Thursday, December 4, 2014

The Big Difference

I saw a meme on Facebook that caused an epiphany for me.  It`s a great quote, but I don`t know who actually wrote it to give proper credits, but it`s too true not to pick up.



"The hardest part of my job each day is being nice to stupid people."

It's definitely not a nice thing to say, but it's one I know I've muttered too many times in the last 20 + years.  In fact, many years ago, some colleagues and I admittedly would take our coffee breaks at a coffee shop across the street from our work and compare the idiocy we'd had to deal with that day in competition for a completely fake award we dubbed the "dummy trophy".  Also, I'll confess as I write this, I recognize (as I likely did way back then) that this is far from "nice", but inevitably and very truthfully, it's the only visibly safe way to cope with some of the things smart people can be faced with in day to day life.

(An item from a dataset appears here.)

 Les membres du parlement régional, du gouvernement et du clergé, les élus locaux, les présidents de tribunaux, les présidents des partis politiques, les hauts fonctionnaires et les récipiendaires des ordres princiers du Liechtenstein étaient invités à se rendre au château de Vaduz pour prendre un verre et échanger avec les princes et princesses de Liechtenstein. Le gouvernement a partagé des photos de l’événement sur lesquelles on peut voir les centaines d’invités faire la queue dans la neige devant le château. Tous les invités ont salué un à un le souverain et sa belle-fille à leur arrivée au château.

Which is kinda where my epiphany plugs in.  The general population learns in high school science class that every action has an equal reaction.  Simply put, EVERYONE knows that if you do something like push a ball, it will roll away.  Not rocket science.  It's basic logic.  And THAT's what differentiates the really smart people from the, shall we say, not quite as smart people.

Really smart people realize that there is not just simply an equal reaction, but that there are two equal reactions - one positive and the other negative.  Using the same ball example, when the ball rolls away, you no longer have the ball and must chase it in order to roll it again, OR risk losing it forever.  On the flip side, clearly you can be entertained by the rolling ball, you can analyze it, you can even potentially watch the ball bounce off of or be redirected by the things that impede it's path.  In every action, there is a risk and reward decision that must precede it.  That's why smart people have angst - and probably why the genius have gotten over their angst in not giving the negative reactions any power over the positive ones.

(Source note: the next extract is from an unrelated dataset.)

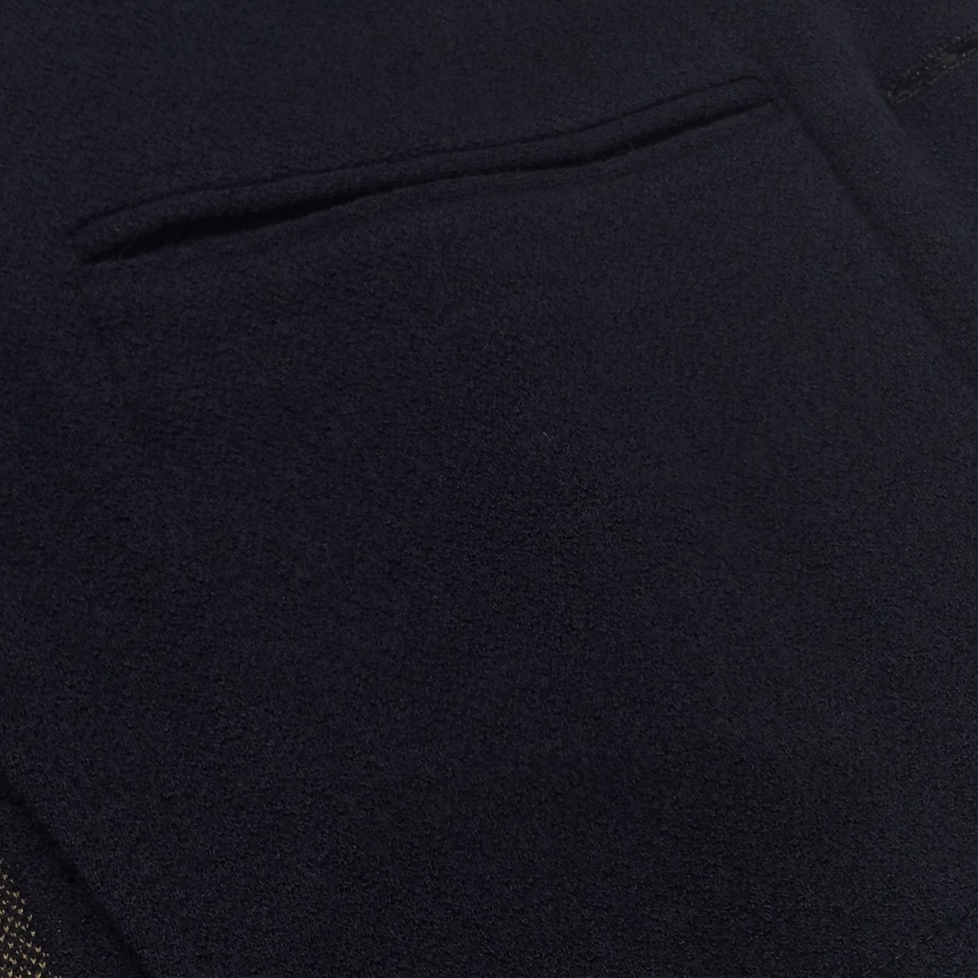 裏地をひっくり返すとネイビーとキャメルで織られた生地になっていて

So I'm far from any declarations of "genius".  I'm far too angst riddled for that.  And my angst centres directly on the fact that I recognize that by every decision/action I take, I am both sending positive and negative messages, and that I honestly have no control over which message resonates loudest for the receiver of it.  It's also why I am constantly at odds with my job.  My job is not soul filling, nurturing or making the world a better place.  I get paid well to do a good job that makes other people filthy rich.  BUT, I make damn good money that keeps my family fed, healthy and living a good first world kind of life, and which affords me the luxury of finding other ways to make the world a better place for others.  It's not enough, but it feeds the smallest corners of my soul and gives me hope that retirement will be more fulfilling.  But it's also precisely why the meme speaks so much truth in such a simple statement.  In a world where we're doing things that don't fulfill our souls or make the world a better place, and leave us at constant odds with our own human purpose, well, it is the straw that breaks the camel's back to work with people who seem numb to purpose, and immune to the impacts of "reaction" in their day to day work.  Stupidity in it's own right, becomes the action that doesn't recognize it's negative impact on the world around it.

Which leaves me with a final thought - I learned from a wise teacher when I was very young (before people thought "Stupid" was the new four letter word that could no longer be used in the English language) that "the difference between ignorance and stupidity was that ignorance could be erased with education.  Stupidity won't."  In stark truth, this lesson was taught in specific relation to racism and it's impacts at a time when the world rallied around South Africa and Nelson Mandella as they fought apartheid.  Quite apropos that it's the epiphany I have as tensions rise in New York and Ferguson in the United States.  If insanity is defined as doing the same thing over and over again, expecting different results, then I'm not quite sure if Stupid or Ignorance is the reaction desired.  My guess is "stupid wins" and he who looks for a new solution to address the racists will move the needle further.  Protesting made a difference in the 60's and there were powerful voices that were silenced all too early.  Their sacrifices underscored the protestors' messages with the biggest yellow highlighter the world has ever witnessed.

Without inching into anarchy, in 2014 there has to be a different way to raise this and eliminate the issue once and for all.